In connection with the proposed transaction, STR intends to file relevant materials with the SEC and other governmental or regulatory authorities, including a proxy statement. INVESTORS ARE URGED TO READ THESE MATERIALS WHEN THEY BECOME AVAILABLE BECAUSE THEY WILL CONTAIN IMPORTANT INFORMATION ABOUT STR, ZHENFA AND THE TRANSACTION. The proxy statement and certain other relevant materials (when they become available) and any other documents filed by STR with the SEC may be obtained free of charge at the SEC’s website at http://www.sec.gov. In addition, investors may obtain free copies of documents filed with the SEC by contacting STR’s Investor Relations at (860) 763-7014, x7437, or by accessing STR’s investor relations website at www.strsolar.com. Investors are urged to read the proxy statement and information statement and other relevant materials when they become available before making any voting or investment decision with respect to the transaction.

 

Participants in the Solicitation

 

STR and its executive officers and directors may be deemed to be participating in the solicitation of proxies in connection with the transaction.
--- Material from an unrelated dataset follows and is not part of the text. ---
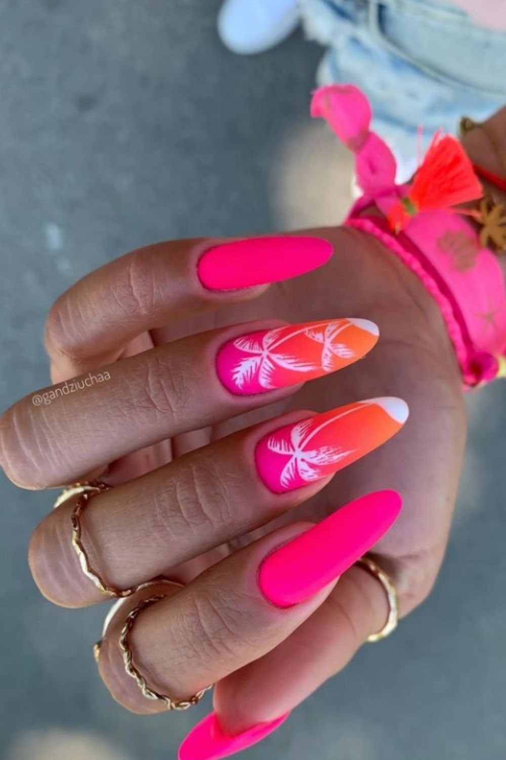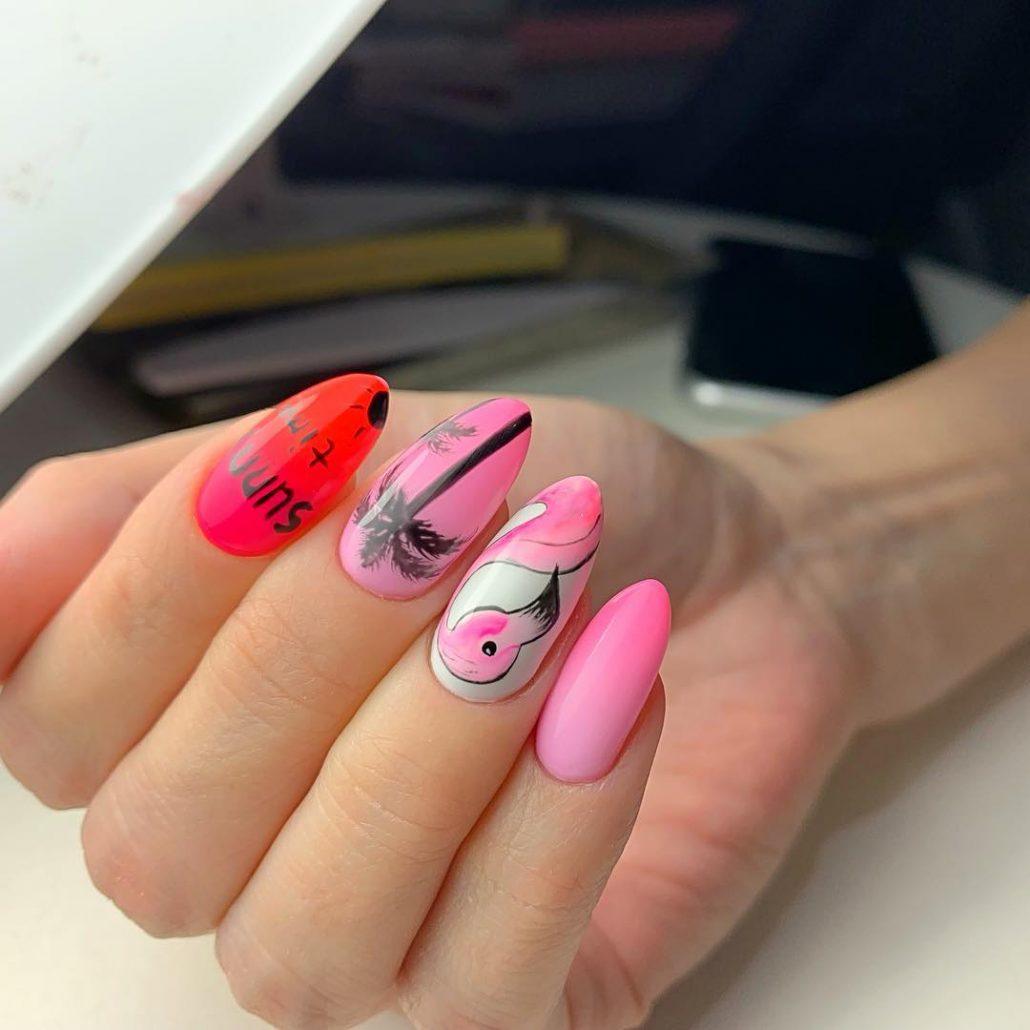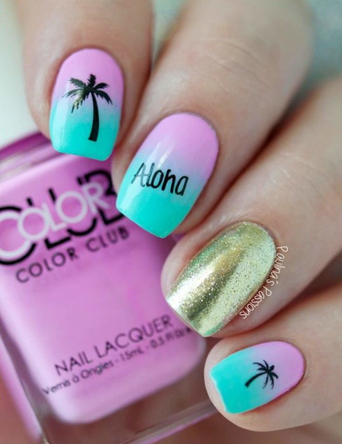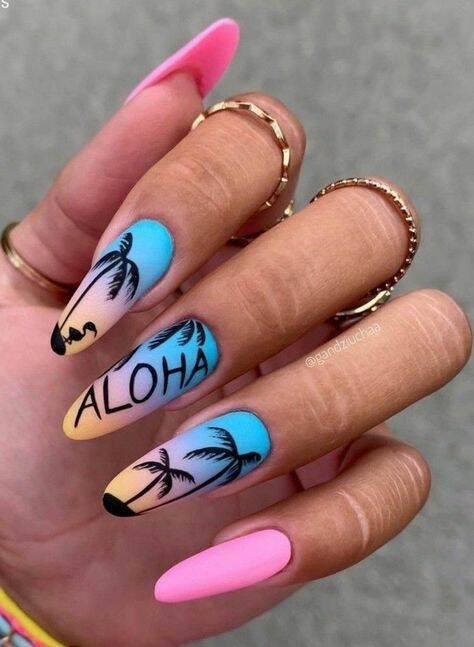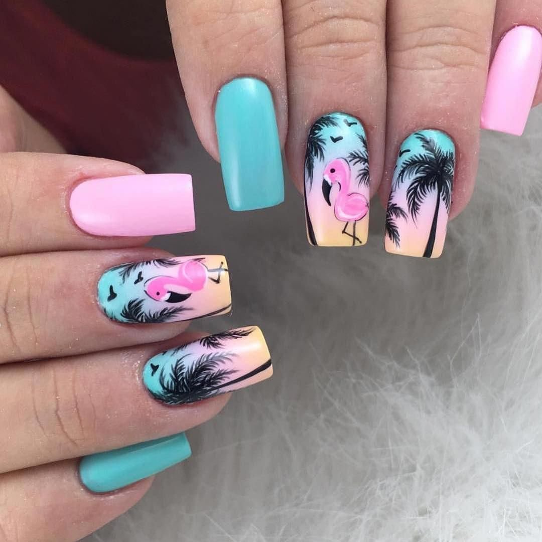 Техника омбре или градиент — отличное решение, если вам хочется создать многомерный рисунок. Сочетание нескольких синих и розовых оттенков сразу укажет на морскую тему. Розовые переливы помогут создать эффект рассвета, а желто-оранжевые — заката. При одном взгляде на такие ноготки будет казаться, что вы живете на тропическом острове.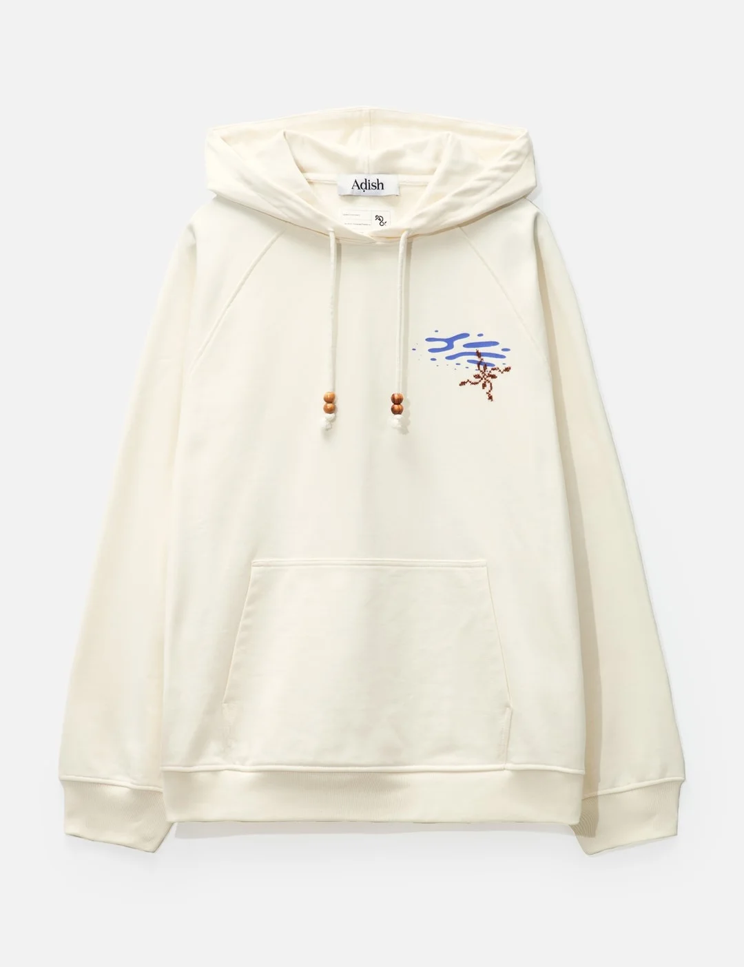 - ADISH - Shallow Waters Kharaz Hoodie - Drawstring hood - Soft French Terry - Screen-printed graphics and Palestinian hand-made embroidery on chest and back - Kangaroo pocket - Ribbed cuffs and hem - Color: Off-white - Material: 100% Cotton - See more Hoodies and Clothing SIZING - Model wears size M - Model measures: Height 187cm, Chest 36”/91cm, Waist 28”/72cm, Hip 36”/91

Information about the executive officers and directors of STR and the number of shares of STR’s common stock beneficially owned by such persons is set forth in the proxy statement for STR’s 2014 Annual Meeting of Stockholder which was filed with the SEC on April 1, 2014. Investors may obtain additional information regarding the direct and indirect interests of STR and its executive officers and directors in the transaction by reading the proxy statement regarding the transaction when it becomes available.